_Work to be completed_: Before copying, find the line below that contains "早期丝绸面料上的图案多由绣、"; then return it and all later lines exactly, up to and including the final line, with no pictures.

_Dataset excerpt_:
+===+
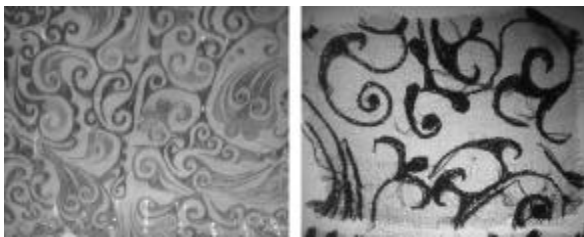
图2、图3:马王堆一号汉墓出土的精美刺绣丝织品 土的带有精美刺绣图案的丝织品,纹样活泼,富于动感。图4、图5,是同时出土的织花丝织品,由于早期的提花织物受到织花工艺的限制,故多以规则的几何纹样出现,最有代表性的是“菱形纹”,几何纹样的丝织品展示出了一种对称、稳重、规矩的静态美特征。

早期丝绸面料上的图案多由绣、织、绘三种基本手段进行,其中以刺绣纹样装饰占有相当重要的位置和很大的比例。刺绣相对于织花工艺要纤巧灵活许多,因此图案多为无固定格局限制的云气纹,呈现出自由变化的特点。图2、图3,是在马王堆一号汉墓中出
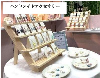
ハンドメイドアクセサリー
+===+
_Answer to this problem_:
早期丝绸面料上的图案多由绣、织、绘三种基本手段进行,其中以刺绣纹样装饰占有相当重要的位置和很大的比例。刺绣相对于织花工艺要纤巧灵活许多,因此图案多为无固定格局限制的云气纹,呈现出自由变化的特点。图2、图3,是在马王堆一号汉墓中出
ハンドメイドアクセサリー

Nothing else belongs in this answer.